Tackling Internet Infoglut. How Can Internet Researchers Keep Sane?

Library Hi Tech News

ISSN: 0741-9058

Article publication date: 1 May 1999

95

Citation

Kennewick, M. (1999), "Tackling Internet Infoglut. How Can Internet Researchers Keep Sane?", Library Hi Tech News, Vol. 16 No. 5. https://doi.org/10.1108/lhtn.1999.23916eaf.001

Publisher

:

Emerald Group Publishing Limited

Copyright © 1999, MCB UP Limited


Tackling Internet Infoglut. How Can Internet Researchers Keep Sane?

Introduction

In 1936, H.G. Wells envisioned a large encyclopedia similar to the Internet's World Wide Web. Today, with an estimated 61 million Internet users nationwide, it appears that his vision has become a reality. However, Wells failed to anticipate how the rise of the Internet would create the problem of information overload (Shillingford, 1998). A recent Reuters survey of 1,300 managers found that almost half believed the Internet will be a prime cause of information overload over the next few years (King, 1996). Sheer volume demonstrates this: by late 1997, there were more than 640,000 Web sites and 100 million pages on the Web, a number that continues to double every six months.

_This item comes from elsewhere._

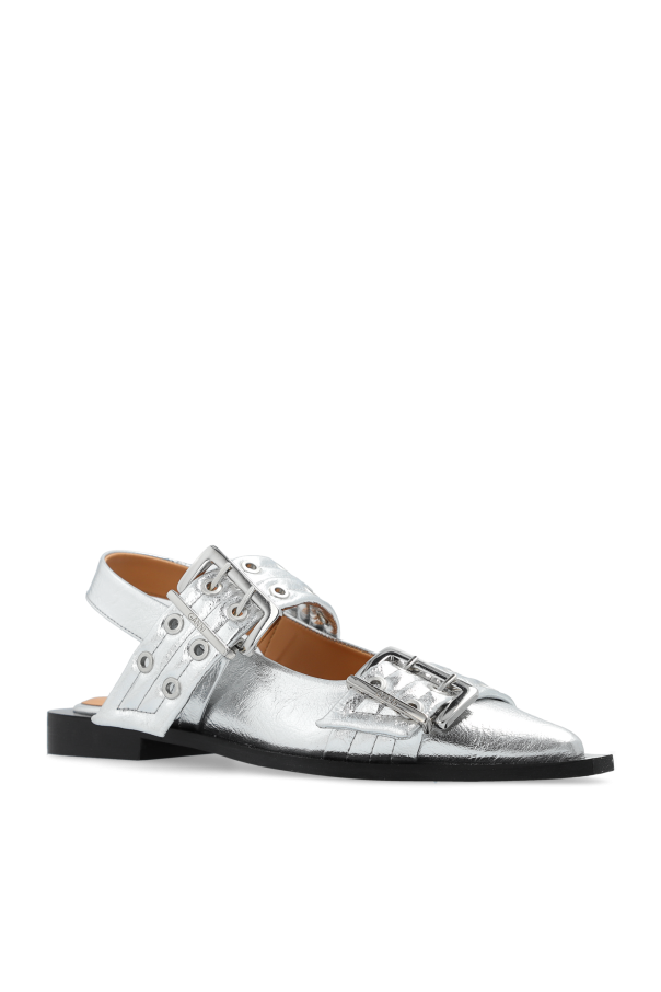Introducing the Ganni Buckle Shoes, a masterpiece of modern elegance and comfort. These medium-heeled shoes are crafted from a shimmering, metallic material in a striking silver hue, showcasing an avant-garde aesthetic. The pointed toe silhouette adds a touch of sophistication, making them a perfect blend of contemporary style and timeless grace. The shoes boast a trio of silver-toned buckles across the vamp, each lending an air of exclusive design and character to the ensemble. This key decorative feature harmonizes with the metallic finish, elevating the shoes\' allure. Designed with a flat sole for ultimate comfort, these shoes do not compromise on wearability despite the inclusion of a heel. An open back with an ankle strap ensures a secure fit and stability, enhancing the practical aspects of this luxurious footwear. The interior, possibly crafted from smooth leather, contrasts with the external glimmer, signifying a commitment to quality and comfort. These shoes, with their unique silver color and buckled detailing, are destined to be a standout piece in any luxury apparel collection, embodying the refined design ethos of renowned designer Ganni. Why Purchase This Product? Elegant, pointed-toe design with a modern twist. Triple buckle decoration for a distinctive, stylish appearance. Constructed entirely from high-quality rubber, ensuring durability and comfort. Flat sole design for day-long comfort without sacrificing style. Exquisite craftsmanship and attention to detail, indicative of the Ganni brand. Unique metallic silver finish, perfect for making bold fashion statements.

"Infoglut" is the new term to describe our constant saturation by too much information. As Nobel laureate and economist Herbert Simon once observed: "A wealth of information creates a poverty of attention" (Simon, 1999). In other words, with so much out there, how do you know what to pay attention to? And once you decide what is important, then how do you manage the information for future use? These are the problems of infoglut: an overabundance of information met by under-equipped consumers.

But infoglut has its good side. Despite the problems caused by infoglut, most managers said they could not operate effectively without a high level of information, and most found the Internet to be a prime source for that information. They want the information, but they want to stay sane while they try to find, organize, track, file, boil down, index, refer to and share it.

Whether people consider themselves "researchers" or not, a primary use of all this information on the Web is for research of all stripes. There are public databases with government and business information, such as trademark databases or tax records. There is competitive information, culled from manufacturers' Web sites, research reports and magazine articles. PR firms do coverage research, job seekers do employer research, consumers research major purchases, and patients and doctors look up the latest medical research. This variety and usefulness of Internet information is a boon, and is shaking up old ways of working.

The fact that the Internet is revolutionizing our world is not surprising. What is surprising is how unprepared we are to take advantage of the wealth of information available to us. It is up to the industry that spawned the beast called infoglut to come up with tools for dealing effectively with it.

People trying to conduct research on the Web ­ an activity more than 80 percent of Internet users cite as one of their primary reasons for going online ­ have two goals as they consume information: to discover the right information, and then to use it to make decisions. So how can people resolve the paradox of too much information and too few tools to help them manage it all?

Solving the First Problem: Information Is Hard to Find

For anyone trying to conduct research, the Web has just too many places to look. Today's search engines sort Web resources in such a broad manner that a single query can find literally thousands of hits, many of them with no relevance to the intended search topic. In addition, according to a study conducted by the NEC Research Institute, at best, only 35 percent of all web content is indexed by the search engines, leaving a large proportion of content basically unfindable (Lawrence and Giles, 1998).

Thus, researchers need a more intuitive and broader-reaching way to use the Web, one that is more like a "how-to book" rather than a large, indexed encyclopedia. For the discovery portion of the process, search tools need to become simpler, smarter and more granular.

Some progress has been made to make it easier to find information by reducing the quantity of Web site hits found in each query. The Ask Jeeves search site, for example, includes a pattern-matching mechanism that allows users to conduct searches using natural language, and retrieving a relatively short list of relevant Web sites. Metasearch sites, such as Infoseek Express, offer another approach to refining the search process.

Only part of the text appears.